Над её головой зажёгся бледный колдовской огонь, и в его свете Альда наконец разглядела: да, это был Тервел. Под слоем сажи и пепла кожа на его лице была багровой, потрескавшейся.

Тервел пытался открыть глаза, но показались лишь две сухие щелочки.

— Я не хотела, Тервел, — прошептала Альда. — Зачем ты пошёл к ним? Ты же…

— Пото… что ты… — прохрипел вдруг Тервел. — Ты не… смогла…

— Я люблю его, Тервел! — вырвалось у Альды. — Люблю!

— Зна… ю… Поэтому… я должен…

— Как ты мог узнать?

— Твои пальцы… Когда ты… прихо… — Тервел тяжело сглотнул. — Приходила домой…

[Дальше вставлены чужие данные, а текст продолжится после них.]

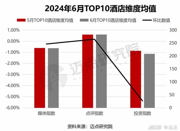 6月TOP10媒体指数为230.47,环比波动率-0.25%,分别为洲际酒店、锦江酒店、希尔顿酒店、丽怡酒店、丽笙酒店、万豪酒店、万达嘉华酒店、万达文华酒店、万达美华酒店、Club Med,其中洲际酒店、锦江酒店、希尔顿酒店本月媒体指数分别下滑0.32%、1.53%、0.58%。

— Пальцы? — переспросила Альда, подумав, что, может быть, ослышалась.

— Кольца… Следы от колец. Не служанка… Служанки не… носят…

Альда покачала головой. Он заметил.

Конечно, заметил, их учили замечать.

Она начала быстро обыскивать Тервела. Кожаный мешочек, спрятанный в одном из потайных карманов, стал жёстким от жара и едва не растрескался в её руках. Альда вытряхнула из него горсть мелких обгоревших вещиц и выбрала одну: небольшой круглый орешек.

— Надо же, уцелел, — прошептала она.

— Что это? — спросил Эстос.

— Простой способ спрятать полезную вещь.

Альда сжала орех пальцами, скорлупки легко разъединились. Внутри было белое полупрозрачное зерно.

Альда положила его на грудь Тервела.

Больше она ничего не могла для него сделать. Только положить исцеляющий талисман.

Эстос тем временем отошёл проверить остальных.

— Кроме тех двоих, которых ты убила, все живы. Просто без сознания. Колдун пострадал сильнее всех, но он-то точно выживет.

Альда понимала, что им надо уходить. Колдун мог в любой момент прийти в себя, и кто знает, на какие фокусы он был способен. Альде казалось, она слышала это имя — Ролдо — и не раз. Скорее всего, он был не просто мелким колдуном на службе Небесному дому, а одним из господ. Может быть, семнадцатым или двадцать пятым, но это всё равно значило, что он очень и очень сильный колдун.

— Попрощайся за меня с родными. Мне жаль, но я не могу иначе, — Альда поцеловала Тервела в лоб.

***

Альда указала место, где проще всего было взобраться на первую из ступеней стены.

— И предупреждаю ещё раз: наверху тебе станет плохо.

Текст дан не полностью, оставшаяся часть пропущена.